OpenBLAS is a BLAS and LAPACK library that is significantly more efficient that the standard ("reference") BLAS. I suggest we switch the ET thorn list to ExternalLibraries/OpenBLAS instead of ExternalLibraries/BLAS and ExternalLibraris/LAPACK.

Keyword:

Comments (26)

  1. Frank Löffler
    • removed comment

    blas is often provided by atlas (and is picked up by the current BLAS thorn), and I don't recall atlas to be particularly inefficient. Do you talk about the real "reference" blas, or atlas in your comparison (same for lapack)?

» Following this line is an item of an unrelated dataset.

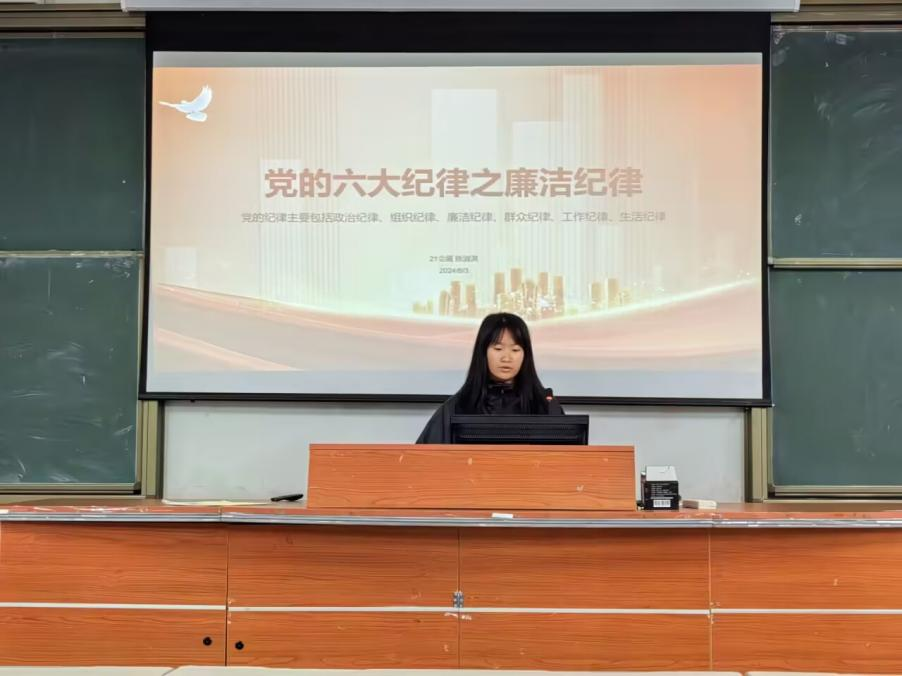 会上,陈淑淇同学为大家带来了一场关于党的廉洁纪律的深刻阐述。她详细解读了党的廉洁纪律的内涵及其深远意义,着重强调了廉洁自律在个体成长和学院发展中所扮演的关键角色,结合诸多鲜活的案例与实例,对廉洁纪律的具体内容和各项要求进行了详尽而细致的剖析,使得在场的每一位同志都能对廉洁纪律产生更为清晰且深刻的认识。
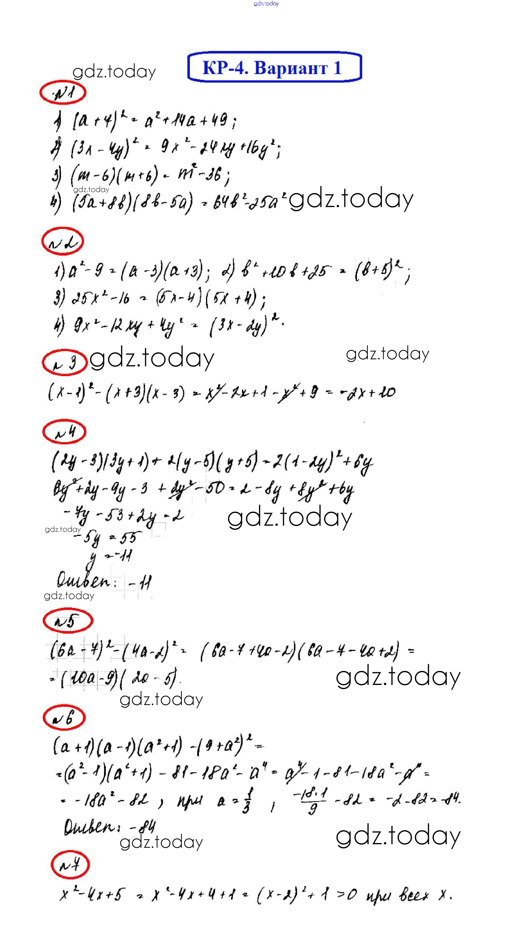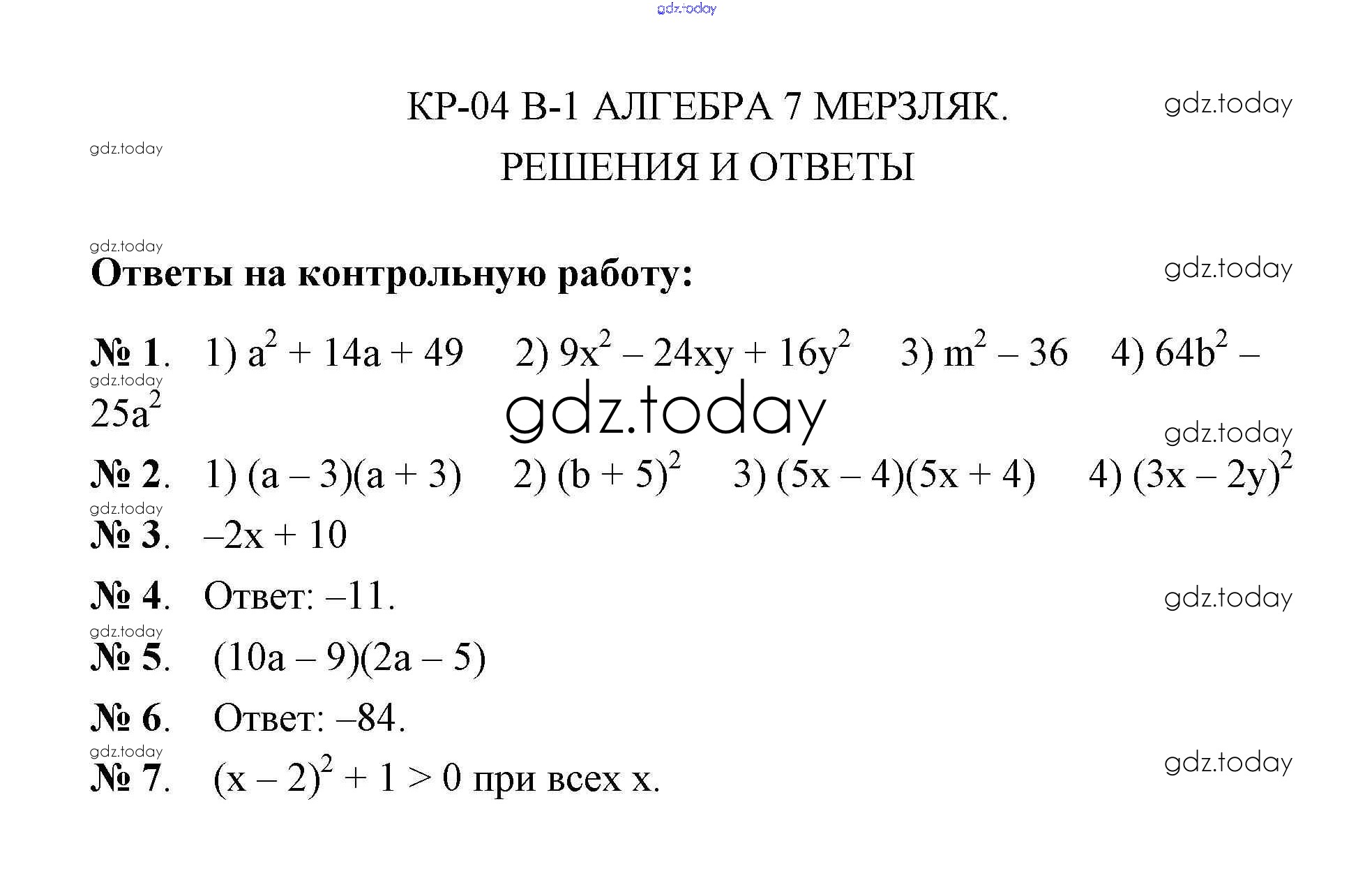 На страницах сайта gdz.today вы найдете учебный и вспомогательный материал, направленный на улучшения знаний школьной программы. ГДЗ - онлайн мир знаний КР-4. Варианты Решение к контрольным работам 1 Дидактическим материалам по Алгебре для 7 класса Мерзляк, Полонский Вентана-граф УМК 2017

  2. Erik Schnetter reporter
    • removed comment

    At the moment, Cactus builds the reference BLAS if it doesn't find a system BLAS. Instead, it should build OpenBLAS. Building Atlas is more complicated since Atlas auto-tunes, which also takes a long time. OpenBLAS does not need this, and is apparently also faster than Atlas. (I don't know what this means in practice.)

  3. Frank Löffler
    • removed comment

    Since it would be confusing to have both thorn BLAS and thorn OpenBLAS in the ET, do you suggest to move to OpenBLAS for the toolkit (which would be fine with me, assuming OpenBLAS works at least as well)? And, do we really want to maintain both thorns?

  4. Erik Schnetter reporter
    • removed comment

    OpenBLAS also provides LAPACK. It contains a copy of the reference LAPACK, probably with optimizations to some important routines.

    My suggestion is to replace both BLAS and LAPACK by OpenBLAS, both as thorns as in the ET thorn list. BLAS and LAPACK are then not needed any more.

  5. Frank Löffler
    • removed comment

    The thorn OpenBLAS currently does not seem to be able to detect any other installed BLAS/LAPACK installation like the BLAS/LAPACK thorns do. Without this it is not yet a replacement for the BLAS/LAPACK thorns.

  6. Erik Schnetter reporter
    • removed comment

    It is dangerous to auto-detect existing BLAS libraries, because these are often just the reference BLAS. It is better to build OpenBLAS in this case, since building it is actually quite fast. The point of using OpenBLAS is to guarantee that we have an efficient BLAS implementation at hand, e.g. for people using PETSc.

    We could auto-detect existing BLAS libraries if we also auto-detect what kind it is (e.g. Atlas, OpenBLAS, reference BLAS, MKL, ...), but that is difficult, and we haven't done this before, so this shouldn't be a prerequisite.

  7. Frank Löffler
    • removed comment

    The current state with BLAS and LAPACK is that a user does not have to do anything to get these pickup MKL/Atlas - two pretty optimized libraries. For production machines the simfactory entries would handle that this happens anyway (one would hope), but this also happens for typical workstation environments. I don't think that we should change this.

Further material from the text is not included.